SL: That you can be diagnosed with cancer when you’re young and healthy because I just didn’t expect it. I think that if I hadn’t felt the lump – the type of cancer that I had doesn’t usually grow in a lump, it usually grows like spider legs, they just kind of spread out. So, the doctors were impressed that I found the lump myself because if it had grown differently, and we hadn’t found the lump, I don’t know that I would have had another mammogram before 50 because it just wasn’t something I was worried about. I want other women to understand that you don’t have to be 60 or 70 to get cancer.
I also learned that you have to advocate for yourself. Getting the initial mammogram, I had to let my doctor’s office know that I couldn’t wait to come in, I needed to get in sooner. Then I wanted to switch surgeons to get one that better fit my needs, but I had to push for and finally insist on it. Even if it means delaying things for a while, you have to advocate for yourself.
PTM: What would be the main piece of advice that you would give to other women in terms of prevention or detection?

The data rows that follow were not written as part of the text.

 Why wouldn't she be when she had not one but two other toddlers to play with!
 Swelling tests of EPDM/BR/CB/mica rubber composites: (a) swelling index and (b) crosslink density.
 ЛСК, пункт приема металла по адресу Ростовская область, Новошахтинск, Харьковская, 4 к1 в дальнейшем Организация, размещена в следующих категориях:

SL: Be familiar with your body so that you can notice if things change. I didn’t do self-checks on a regular basis, but I had done them. Also, understand that your age has nothing to do with whether or not you’re going to get cancer. I think so many people really think you’re not going to get cancer at a young age, but there are actually many young people with cancer and most of them don’t have the genes.
PTM: Is cancer at the forefront of your thoughts all the time or have you pushed it to the back of your mind?

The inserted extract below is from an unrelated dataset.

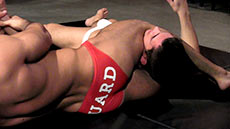 ![]() Calvin's powerful legs are wrapped around Nicholas' neck. |
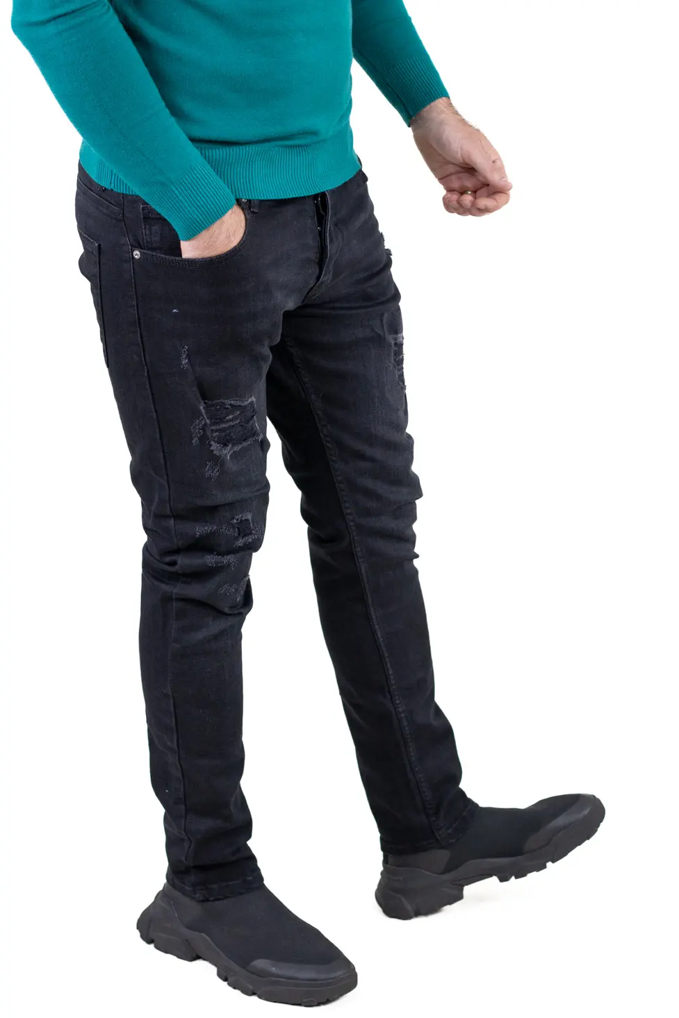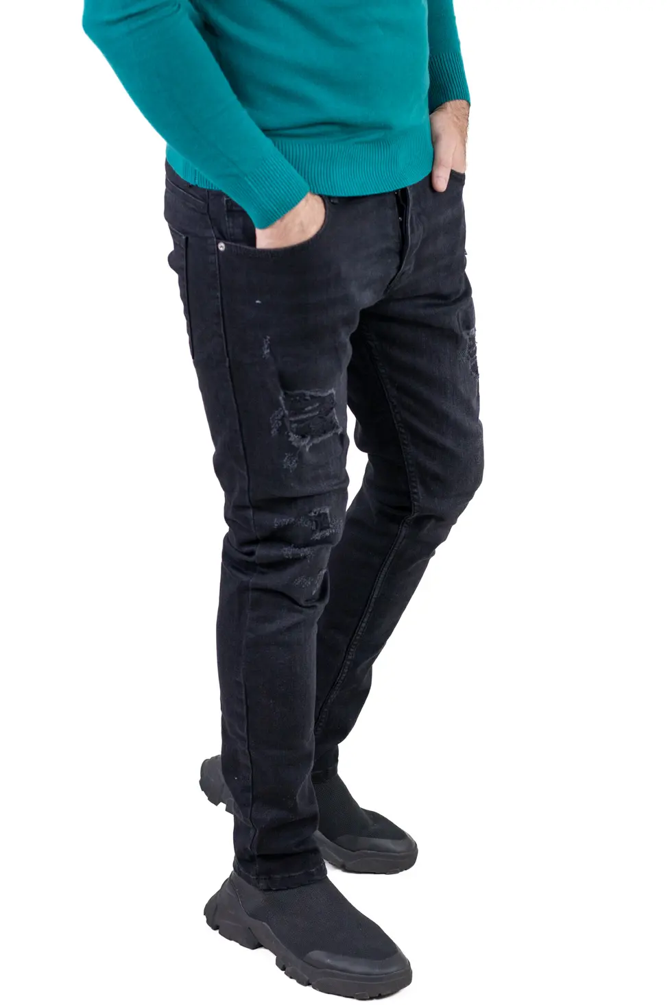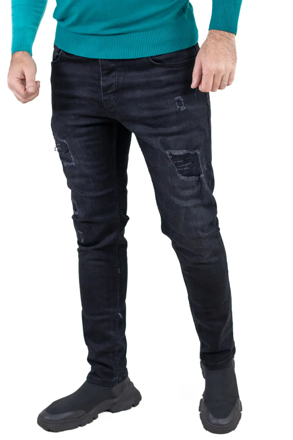 Blugi pentru bărbați cu croială regular fit, în nuanță negru prespălat, concepuți din material elastic pentru confort pe durata întregii zile. Modelul are rupturi decorative acoperite pe interior, astfel încât pielea nu se vede, păstrând un aspect modern, dar purtabil în orice context casual.

SL: Cancer is constantly on my mind. A lot of medications that I take cause different aches and pains and just not having estrogen in your body causes aches and pains. Every time there’s an ache in a different place, I wonder if my cancer is coming back. I think about it all the time.
PTM: Is there anything else that you would like to add?

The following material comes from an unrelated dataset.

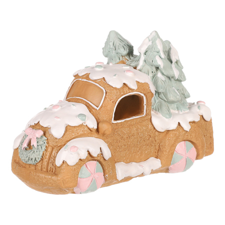 Dekorace z perníku patří k nejtypičtějším a nejkrásnějším ozdobám využívaným pro vánoční čas. Toto nádherně zdobené perníková autíčko z polyresinu, doplněné LED osvětlením uvnitř, bude skvělou volbou pro ozdobení poliček, stolů a dalších viditelných míst. Vypadá jako cukrářské mistrovské dílo, které umožňuje vytvořit neodolatelný světelný efekt díky pronikajícím paprskům světla skrze okénka ven.
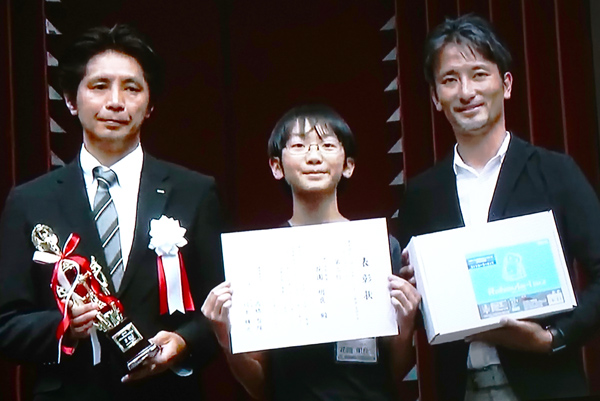 創作部門で大本君・中村君、レース部門で宇津君です。それぞれ、寸暇を惜しんで製作と練習に頑張りました!

SL: I want women to know that it’s not your fault. You don’t do things to yourself, unless you’re a heavy smoker – that’s pretty obvious. I think any woman who gets any kind of diagnosis wonders ‘What did I do?’ and it’s not your fault.
Also, with breast cancer, there are so many different types and different treatment protocols – it’s not a one size fits all. Some have chemo first, some have radiation, some have a mastectomy, some have a lumpectomy. If you’re diagnosed with breast cancer, talk to doctors about appropriate treatments but don’t compare yours to someone else because what’s appropriate for them may not be best in your situation.
As Susan’s story shows, it simply can’t be said too many times. Get regular mammograms starting at age 40, no matter what, and know your body. You have to be your own best advocate, and if you even think that something has changed, see your doctor. For more information about breast cancer and to find out about free diagnostic services for underserved women, please explore the following resources.
- Your regular primary care physician or OB/GYN
- American Cancer Society – Educational information about breast cancer and research.
- The National Breast Cancer Foundation – Educational information about breast cancer and support after a diagnosis as well as a National Mammography Program where they partner with medical facilities across the United States to provide free mammograms and diagnostic breast care services.
- Susan G. Komen – Educational information about breast cancer as well as information on financial assistance and insurance and other tools and resources.
- The Centers for Disease Control and Prevention – Breast cancer statistics and information.
- World Health Organization – Information about prevention, early diagnosis and screening, and treatment.